Заноет сердце, загрустит:
Не быть, не жить мне в том...
Не быть, не жить мне в том краю,
В котором я рожден.
А быть и жить мне в том краю,
В котором осужден.
Отцовский двор спокинул я...
Отец пел эту песню, плакал и однажды умер, не допев. Там его и схоронили, в холодной земле. И мать тогда же, в войну, никого не спросясь, вернулась сюда, на хутор, с детьми. Ведь все равно погибать. Она вернулась, и ее не тронули. Хутор был еще людный. Колхоз Буденного. Старики, бабы, детишки. Война. Немцев только прогнали. Хатенку слепили. Никто не тронул. Тем более Степан, да Осей, да Ганя начали работать. Старый Пономарь хоть и маленький был, но помнит сладкую печеную тыкву, какой угощали его, да сладкие пышки из сухого паслена. Не дали помереть.
Стали жить. А потом понемногу строились. Росли друг за другом: Степан, Ганя, Осей, Ефрем, Фотей, Федора...
А вот когда пять лет назад старый Пономарь в другой раз сюда вернулся, то - словно в пустыню. Все - гольная правда в словах песни:
Отцовский двор спокинул я,
Травою зарощен.
И он травой, он муравой,
Он белым горьким полыном,
Он горьким,
горьким полыном,
Родной мой, зарощен,
Родной двор зарощен.
Недаром отец плакал и умер, не допев. А нынче старый Пономарь пел, но слез не было.
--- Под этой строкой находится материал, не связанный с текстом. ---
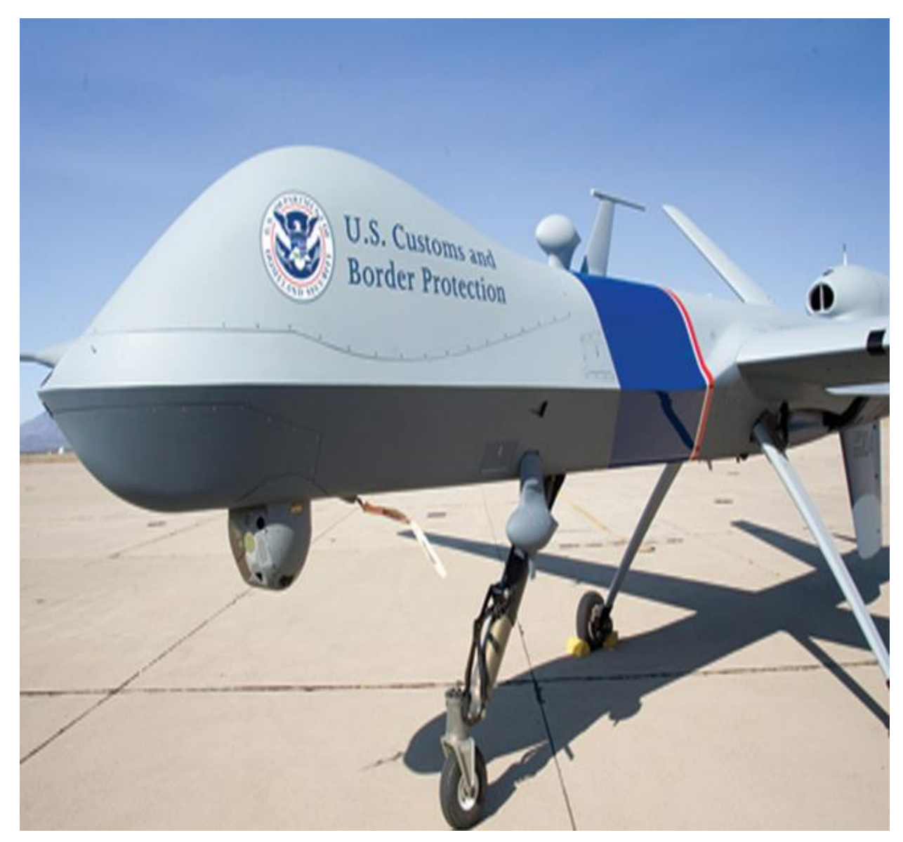
Figure 4: Tactical unmanned aerial surveillance drone
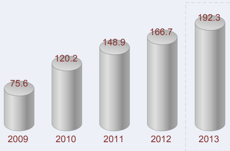
Country A Market Trends (Thousand million)
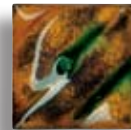
CTL-65 (1) (P) Oasis

All AMACO® glazes that carry the AP Non-Toxic seal in liquid form also carry the seal in dry form, but mixing instructions on the label should be followed to prevent dust to ensure safe use.
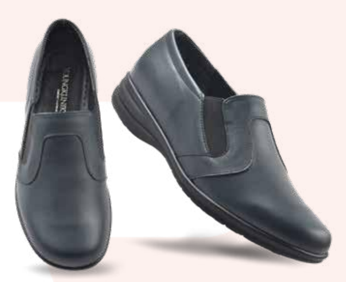
COMFORT SLIP ON
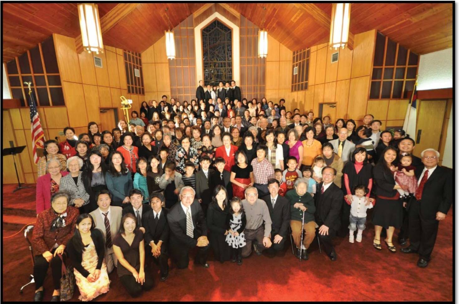
CHURCH FAMILY GROUP PHOTO 全體教友合照
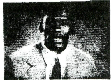
6. When you're using drugs, you're only cheating yourself out of the chance to find out who you really can be.
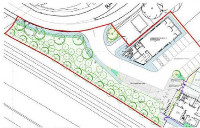
Extract from 'Proposed Site Plan - Sheet 1'

Please see the following drawing extract for ease of reference:
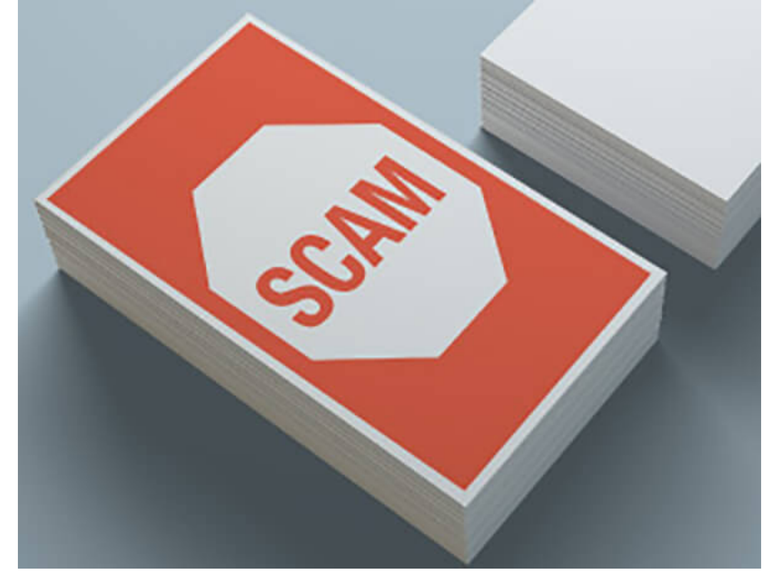
"Dirty Dozen" Tax Scams to Watch For

Every year the IRS releases its list of tax scams, spotlighting some ways that people try to separate you from your money.

Жена сидела рядом, внук посапывал за перегородкой. Что-то снилось ему, наверное, жеребенок. В хате было тепло, пахло хлебом, которого, слава богу, привезли нынче.
Старый Пономарь поднялся, положил гармошку.
- Пойду покурю, - сказал он, - да и спать.
- Оденься да застегнись хорошо, - напомнила жена.
Она тоже поднялась. Надо было стелить постель.
Старый Пономарь вышел во двор. Найда подошла, села рядом. Небо лежало чистое, большое и все в звездах. Округа - в зимнем покое. Ночная тишь. Но этот покой был не кладбищенский, мертвый, в котором душе невольно становится страшно, а живой: рядом тепло дышала скотина. В скотьих стойлах, во тьме, живые звуки: шуршанье соломы, вздохи, хруст сена. Под снегом, в полях, - живые озими. В лугах, тоже в тепле, под снегом, ожидали весны корни и семена трав. Весной они вырастут. Старый Пономарь любил пору весны, молодого лета, сенокос. Конечно, нелегкое время, но как-то душа радуется: сочная зелень, яркий цвет, медовый дух, терпкость травного сока, аромат свежего сена. Он и сейчас кружил голову, когда вспомнил.
Такую же славную пору, но только явно, во сне, видел внук его. Мальчику снилось, что скачет он на своем жеребенке по сияющей цветущей земле. Стелются под копытами красного жеребенка алые тюльпаны-лазорики, золотые облачка медуницы, высокий пахучий донник, звездные россыпи зверобоя... И какие-то еще цветы и травы, волшебные, радужные. Только горькой полыни нет под копытами жеребенка. Она - лишь в прадедовской песне да в жизни. А в детских снах не бывает горечи.
ПОХОРОНЫ
Обычно на поминках, родного человека схоронив, его близкие невольно, но чувствуют облегчение.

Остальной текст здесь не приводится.